Brief: Please write out exactly the lines from the opening of the listing through the line that holds "Guessing the AI", including both, and nothing else; no pictures.

■ ■ ■

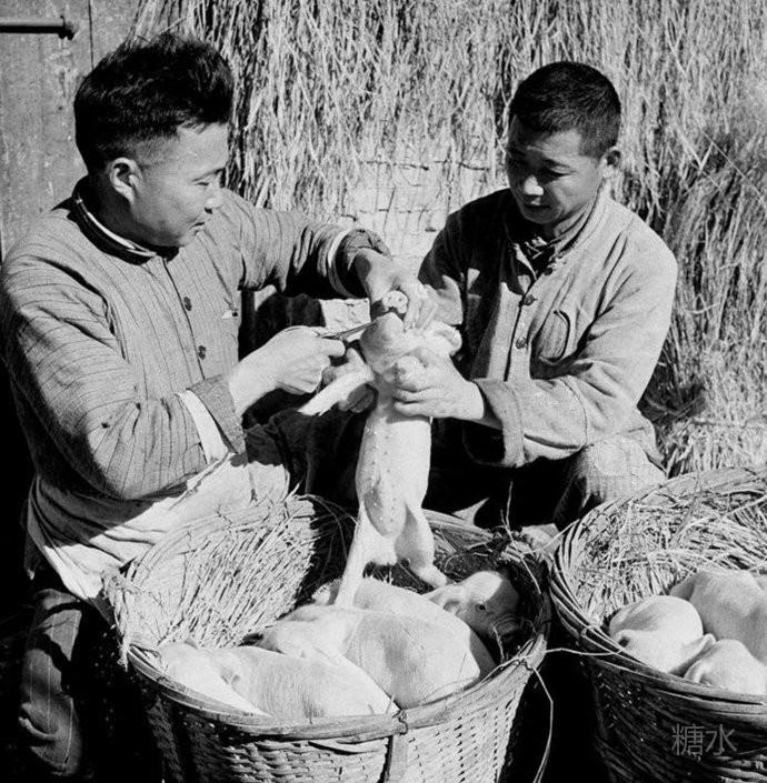 图为副队长朱野根亲自参加饲养工作后,发现了母猪奶头被小猪咬破和小猪互相咬伤的现象,便和饲养员研究用剪平小猪腔牙的办法来加以解决。这是朱野根(左)在替小猪剪腔牙 新华社1960年3月31日报道:上海市南汇县惠南人民公社,试制“火炮喷粉器”治虫工具成功。在试制过程中,由于积极采取边实用、边改进的措施,现已制造出一种结构简单、效果很好的火炮喷粉器。
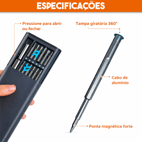 Kit Jogo de Ferramenta Chave Magnética Precisão 24 Peças Compatível Celular e Notebook
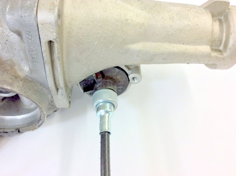 Screw the speed sensor into the speedometer drive on the tailhousing, being sure to engage the short cable inside the drive.
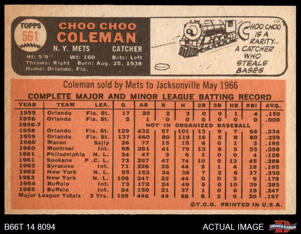 1966 Topps #561 Choo Choo Coleman
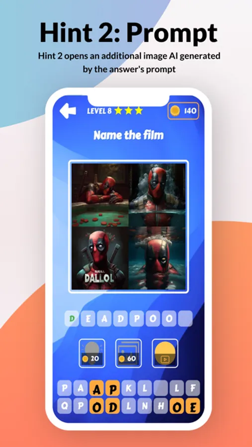 Guessing the AI generated images you will progress through the game and receive not more than 3 stars. One star - 10 coins. For wrong answers you will lose a star.
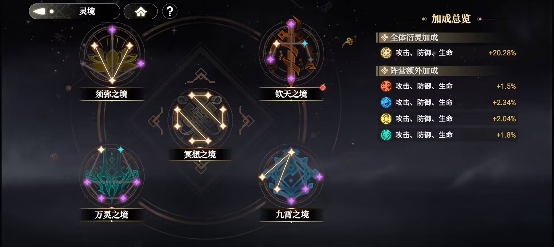 灵境一共有五大加成:分为1个全体加成和4个阵营加成。
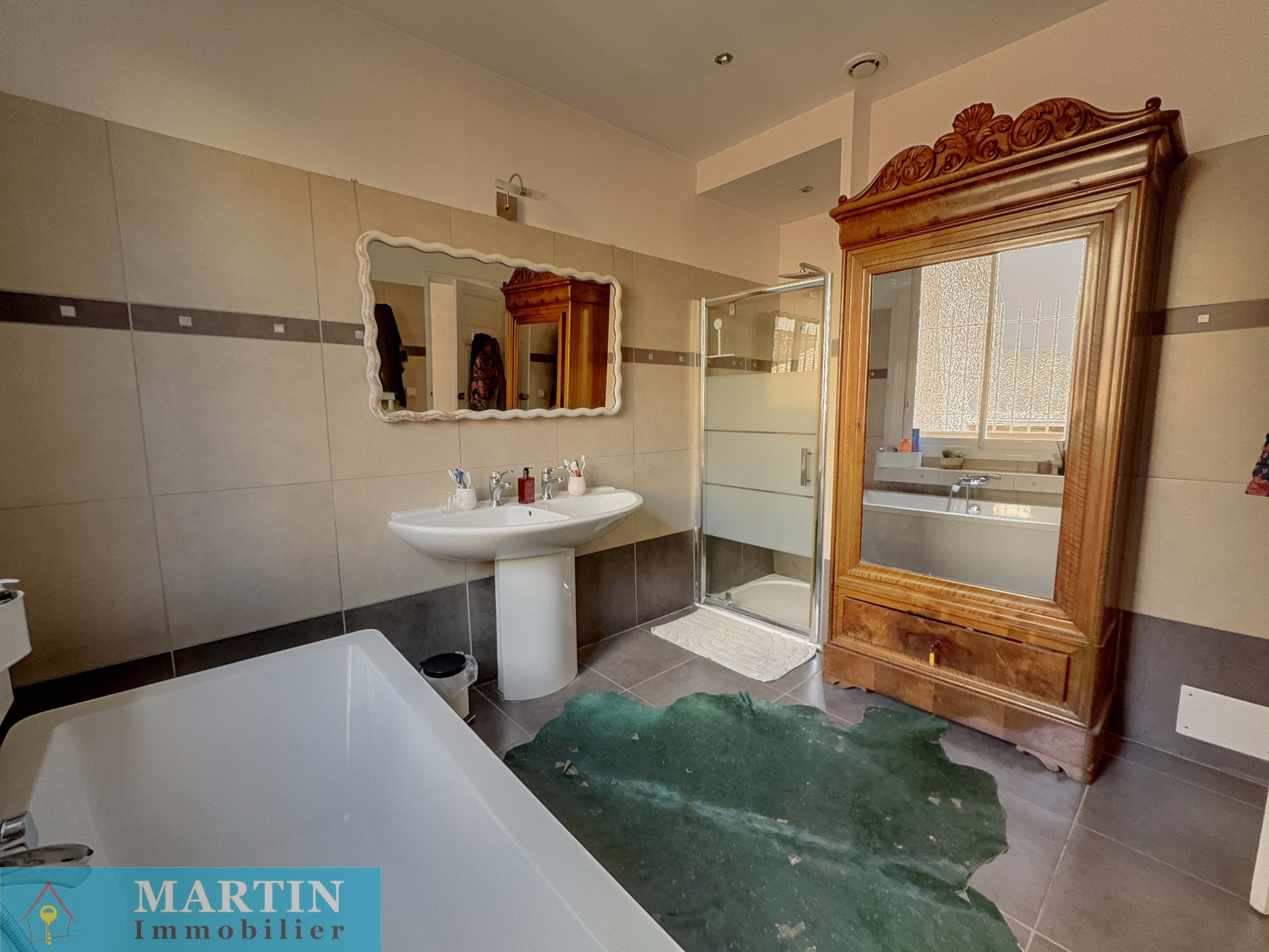 Elle dispose également d’un extérieur avec une entrée de 90m² avec piscine de 3.65m par 2m, barbecue couvert, un grand garage de 150m² au sol sur 2.5 niveaux avec pierres apparentes et un préau avec un étage aménageable.
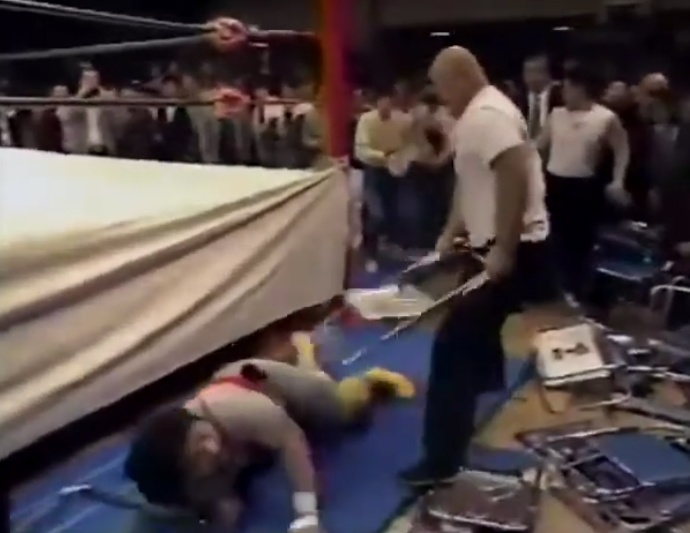 FMW’s chaotic in-ring style was ahead of its time in 1990. A lot of what you see here would become staples of hardcore/extreme promotions during the decade ahead. Did they go too far, too fast? I much preferred the matches Onita was having where they pretended to wrestle for a bit before the carnage kicked in. A lot of this is just dudes hitting each other with plunder. Whereas Onita’s bitchin’ 1989 stuff usually started out like an MMA style match and devolved into violence. Now we’re starting with chair shots, doing more chair shots and then more chair shots. You can see where it’s going, from a modern perspective, and that definitely takes the edge off my excitement.
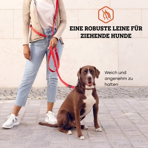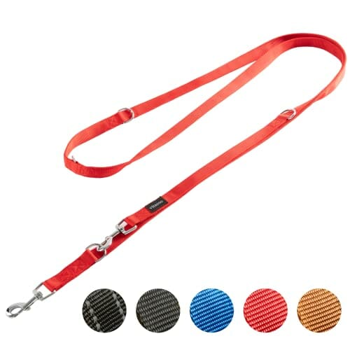 Smycz Dla Psa Do Szkolenia – 3 m – Nylonowa Grafitowa Podwójna Smycz Dla Małych Średnich i Dużych Psów – Regulowana Smycz Do 4 Różnych Długości – Czerwona
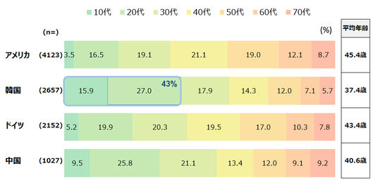 - 注目は、10-20代の若年層の動向です。「使いたい、今後使ってみたい健康食品・サプリメントがある」と回答した使用意向者層の年代構成比を生産国別にみると、「アメリカ」の10-20代の割合が20%であるのに対し、「韓国」では10-20代の割合が43%と他の国に比べ高くなっています。平均年齢が韓国では37.4歳と若い点も特徴的で、韓国コスメや美容医療などの韓国ブームは美容領域だけでなく、健康領域でも、若年層の消費行動に影響を与えている可能性を示唆しています。(図1.)

■ ■ ■

Solution to the exercise:
 图为副队长朱野根亲自参加饲养工作后,发现了母猪奶头被小猪咬破和小猪互相咬伤的现象,便和饲养员研究用剪平小猪腔牙的办法来加以解决。这是朱野根(左)在替小猪剪腔牙 新华社1960年3月31日报道:上海市南汇县惠南人民公社,试制“火炮喷粉器”治虫工具成功。在试制过程中,由于积极采取边实用、边改进的措施,现已制造出一种结构简单、效果很好的火炮喷粉器。
 Kit Jogo de Ferramenta Chave Magnética Precisão 24 Peças Compatível Celular e Notebook
 Screw the speed sensor into the speedometer drive on the tailhousing, being sure to engage the short cable inside the drive.
 1966 Topps #561 Choo Choo Coleman
 Guessing the AI generated images you will progress through the game and receive not more than 3 stars. One star - 10 coins. For wrong answers you will lose a star.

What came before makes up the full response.